そして平野先輩が教室を循環し始めたのが足音でわかった。
廉「...成瀬」
「しーっ!」
可愛いよ。可愛いけど!
この状況を早く説明してくれ!
紫「Aー?」
声がだんだん近づいてきた。
このままだと確実にばれてしまう。
もう一度彼女に対応策を尋ねようとした瞬間、彼女が急に立ち上がる。
「紫耀くん!」
紫「うわっ!そんな所におったんか」
「うん。上手でしょ隠れるの!」
紫「あはは、ほんまに上手。わからんかった。」
もう彼女の姿は見えないし2人の声だけしか聞こえない。
それよりなにより俺はどうすればいいのだろうか。
「うん、じゃあ。帰ろう。」
紫「駅前のクレープでも寄ってく?好きやろあれ。」
「うん!行きたい!やったあ」
本当にどうしよう。
どうやら彼女は平野先輩と帰っていくらしい。
いや、別に俺と帰る約束なんてしてなければ俺とは偶々会っただけだし。
だけど!何?俺どうすればいいの!
「あ、ちょっと待って。
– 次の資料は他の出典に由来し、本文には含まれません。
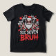 Santa Claus wearing star-shaped glasses, making a peace sign, with the phrase SIX SEVEN BRUH. Cool outfit for your Christmas party!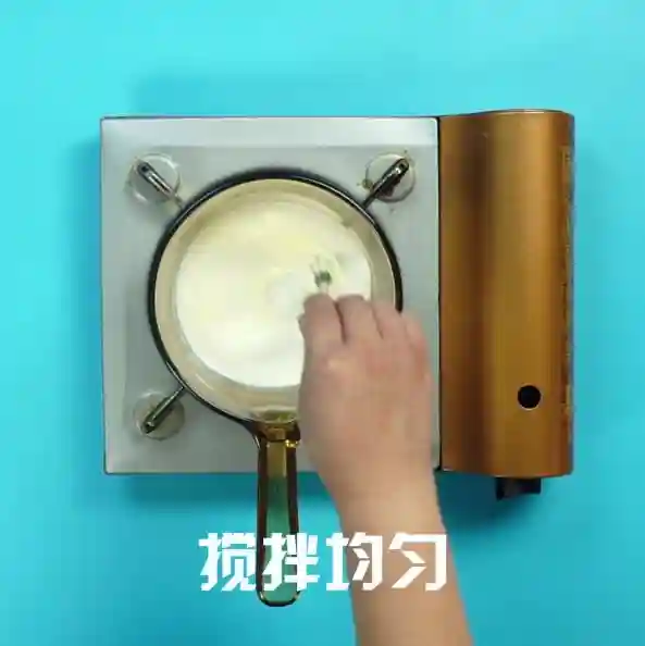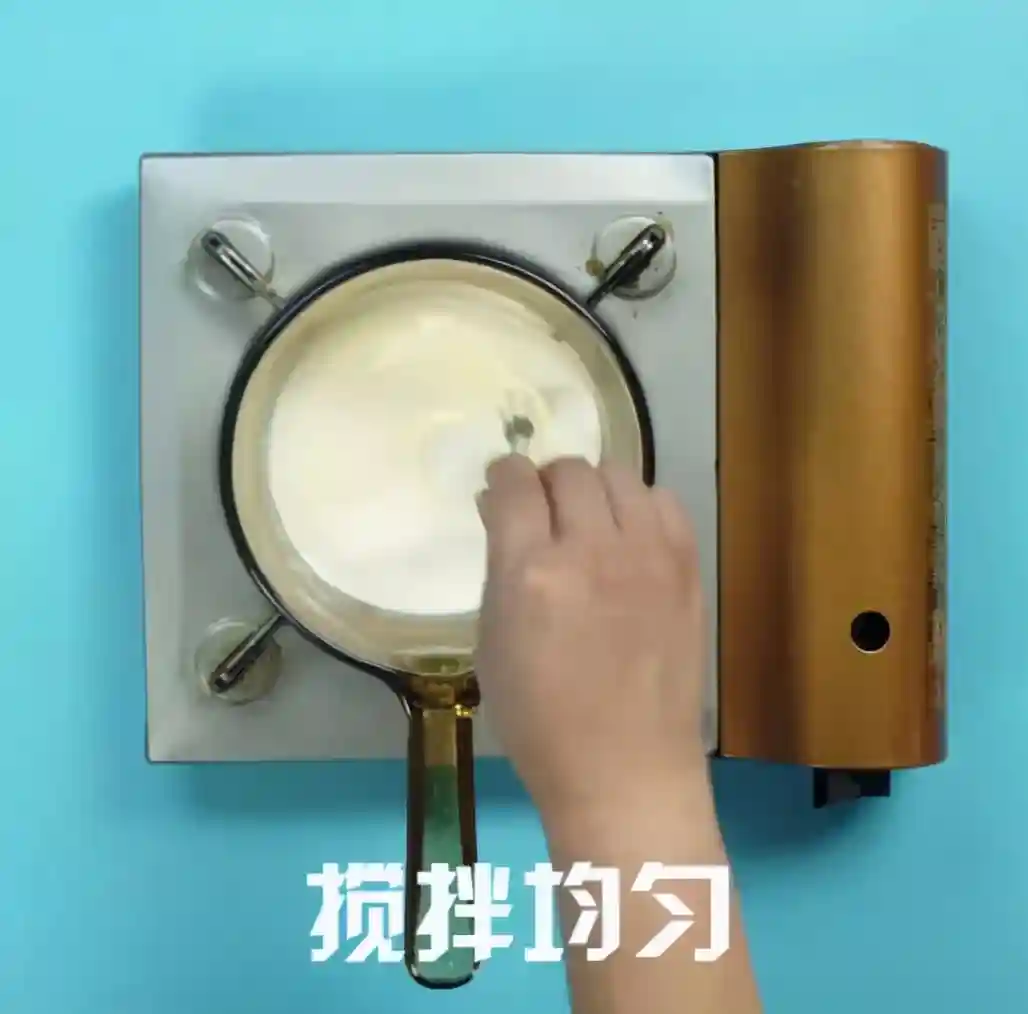 锅中倒入纯牛奶100ml,淡奶油100g,白砂糖10g、搅拌均匀,小火煮沸

」
何かを思い出すように彼女の足音が聴こえる。
そう、そうだよ。俺の事忘れてるやろ!
だけど彼女の足音が俺に近づく事はなかった。
「携帯。忘れてた」
紫「ほんまにうっかりさんやな」
そして2人は教室を出ていった。
俺は自身の手に握られた携帯をじっと眺めていた。
廉「うっかりさん!!!」
携帯を忘れたのは俺や!
何だ。何だったんだ一体!
俺は彼女の手の平で遊ばされていただけなのか!?
そうは思いたくなかった。
意地でも、そうは思いたくない。